A conversation is a message thread within an agent. A single agent can have multiple conversations running in parallel—each with its own context window, but all sharing the same memory blocks and searchable message history.

This is useful when you want to run several sessions with the same agent simultaneously without them interfering with each other. For example, you might have one conversation where you’re refactoring an API while another is writing tests—both sessions share the agent’s learned context about your codebase.

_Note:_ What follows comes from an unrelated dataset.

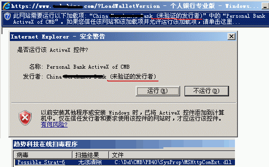 请注意:不能仅签名CAB文件,CAB包中所有DLL文件都要先签名后再打包,再签名CAB文件,否则IE浏览器会显示为“未验证的发行者”而影响正常使用,甚至杀毒软件会认为是毒而被删除!如下图所示的实际案例:

Create a conversation by specifying the agent ID:

import Letta from "@letta-ai/letta-client";
const client = new Letta({ apiKey: process.env.LETTA_API_KEY });
const conversation = await client.conversations.create({
agent_id: "agent-xxx",
});
console.log(`Created conversation: ${conversation.id}`);

Send messages to a conversation. The response is always a stream:

const stream = await client.conversations.messages.create(conversation.id, {
messages: [{ role: "user", content: "Explain this codebase" }],
stream_tokens: true,
});
for await (const chunk of stream) {
if (chunk.message_type === "assistant_message") {
process.stdout.write(chunk.content);
}
}

List all conversations for an agent:

const conversations = await client.conversations.list({
agent_id: "agent-xxx",
});
for (const conv of conversations) {
console.log(conv.id);
}

Retrieve the message history for a specific conversation:

const messages = await client.conversations.messages.list(conversation.id);
for (const msg of messages) {
console.log(`[${msg.message_type}] ${msg.content || msg.reasoning || ""}`);
}

All conversations within an agent share:

  • Memory blocks: The agent’s core memory (persona, human, project blocks, etc.) is shared across all conversations. When the agent updates a memory block in one conversation, that change is visible in all other conversations.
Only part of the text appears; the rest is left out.